His character’s been played before in movies. If I’m not mistaken Steve McQueen in Bullet was based on him.
“Yeah, he had a pop culture sort of iconoclastic career too. He’s been in front of the cameras. He told me the story about that. He’s like, ‘Oh by the way, he didn’t base his character on me. He saw me getting coffee one day and I had my holster on and he just walked over and said ‘Where did you get that holster?’ and that’s really as far as it goes’. But then he brings in his pictures of him and Steve McQueen and Michael Douglas.”
Could you relate to the obsessive nature of his character?
“I’ve been doing this for 20 something years and you have to be a little obsessed I think to keep going. I don’t have that kind of obsession. I guess I do in my acting and what I want and what I’d like my career to look like and all that and I keep hammering at it and this was like a career defining moment for him. And actually when it all blew up in his face it destroyed him and his family.”
Why did you take this role?
“The first thing was that David Fincher rang and I’d always liked to work with him. And then I pretty much go by the material. I mean that’s pretty much first and foremost. Then I read it and I just thought there’s a whole metaphorical side to this movie about where we are in the world today and about the way we treat evidence and law and presumptions and so that also struck me as well. Sociologically where we are today in the world because of a lot of presumptions, because we didn’t follow the letter of the law in evidence, because we weren’t as thorough maybe as some of these cops were back then. And so there was that aspect of it too. There was the metaphorical aspect as an artist. And then there’s me just playing this guy, this real guy that really took this journey. And I saw a picture of him and I was like ‘I have never played that. I have never played that guy’. So that was another thing.”
Do you see this movie getting under your skin?

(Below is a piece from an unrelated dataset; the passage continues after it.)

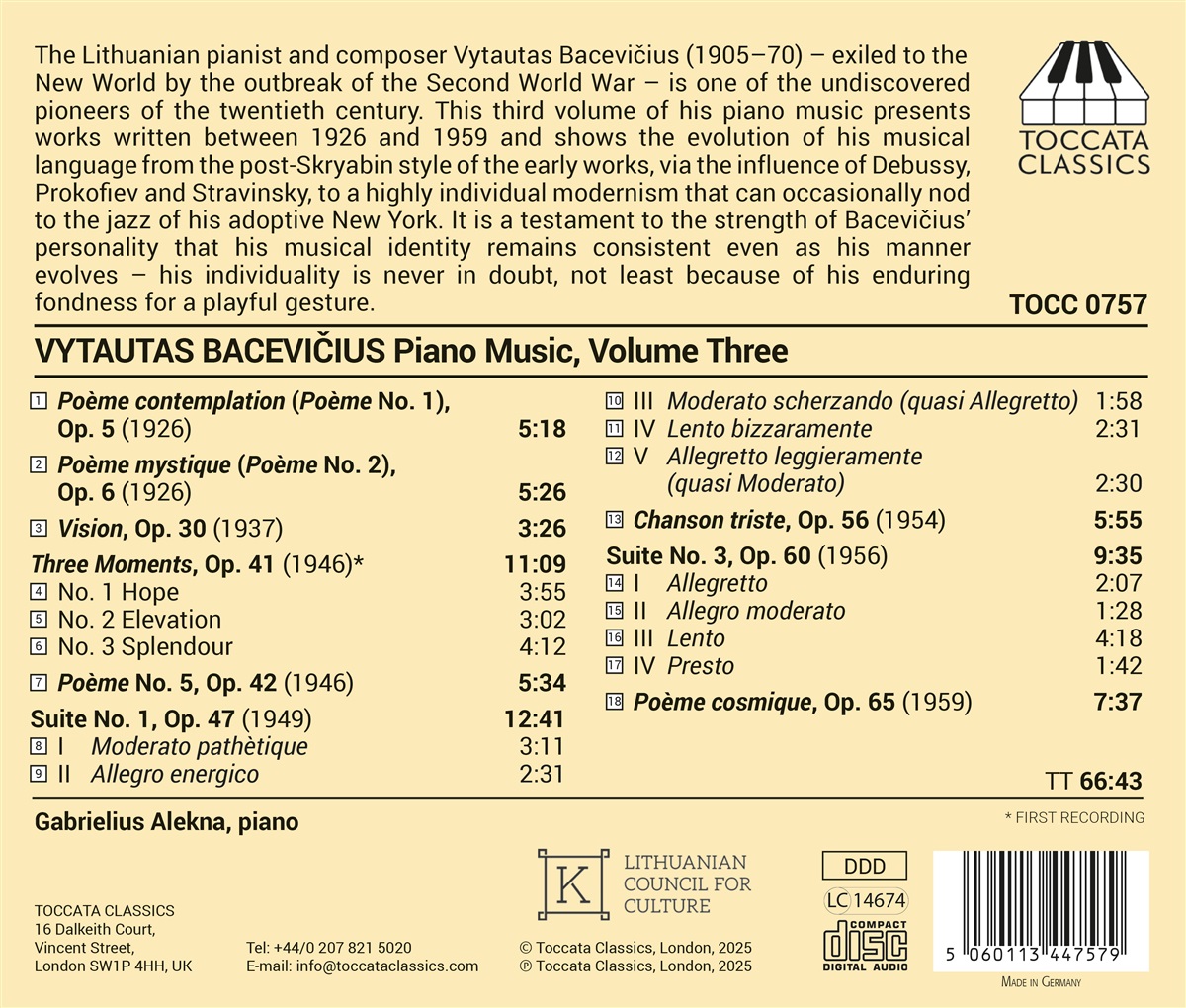 Der litauische Pianist und Komponist Vytautas Bacevičius (1905–1970), der anlässlich des Ausbruchs des Zweiten Weltkriegs in die Neue Welt auswanderte, ist einer der unentdeckten Pioniere des 20. Jahrhunderts. Der dritte Teil seiner Klavierwerke umfasst Kompositionen aus den Jahren 1926 bis 1959 und zeigt die Entwicklung seiner musikalischen Sprache vom post-alexander-skryabinischen Stil der frühen Werke über den Einfluss von Claude Debussy, Sergei Prokofjew und Igor Strawinsky zu einem höchst individuellen Modernismus, der gelegentlich Anklänge an den Jazz seiner Wahlheimat New York erkennen lässt. Es zeugt von der Stärke Bacevičius' Persönlichkeit, dass seine musikalische Identität auch bei der Weiterentwicklung seines Stils konsistent bleibt – seine Individualität steht nie in Frage, nicht zuletzt wegen seiner anhaltenden Vorliebe für spielerische Gesten. Auch Pianist Gabrielius Alekna stammt aus Litauen und er spielte bereits gemeinsam mit wichtigen internationalen Klangkörpern wie dem Radio-Symphonieorchester Wien (RSO Wien), dem Juilliard Orchestra, dem New Amsterdam und dem Adelphi Symphony Orchestra (New York) und mit fast allen bedeutenden Orchestern und Ensembles Litauens.

“It’s like the perfect snake eating its own tail. Fincher, who became obsessed with this case makes a movie about obsession – about people’s obsession about the case. It just keeps going around and around and around. Fincher, when he’s working on something, becomes obsessed with it. He wants to know every little detail about it. He is so detailed oriented. Only because he doesn’t want to be the guy who shows up and knows less than anybody else there. He is an incredibly conscientious filmmaker. But he steeped himself in this material. He steeped himself. I mean we probably came closer to solving this case than anybody has. I mean, we had the resources, we had the people, we had the technology. I mean we’ve been able to do stuff with … he’ll talk to these cops and they’ll say ‘I never knew that’. He’ll spit out pieces and they’re like ‘I never knew that’ – guys that worked on this case, whose whole life was this case.”
What are you doing next?
“I’m hanging out with my kids.”
Zodiac is currently playing in local cinemas.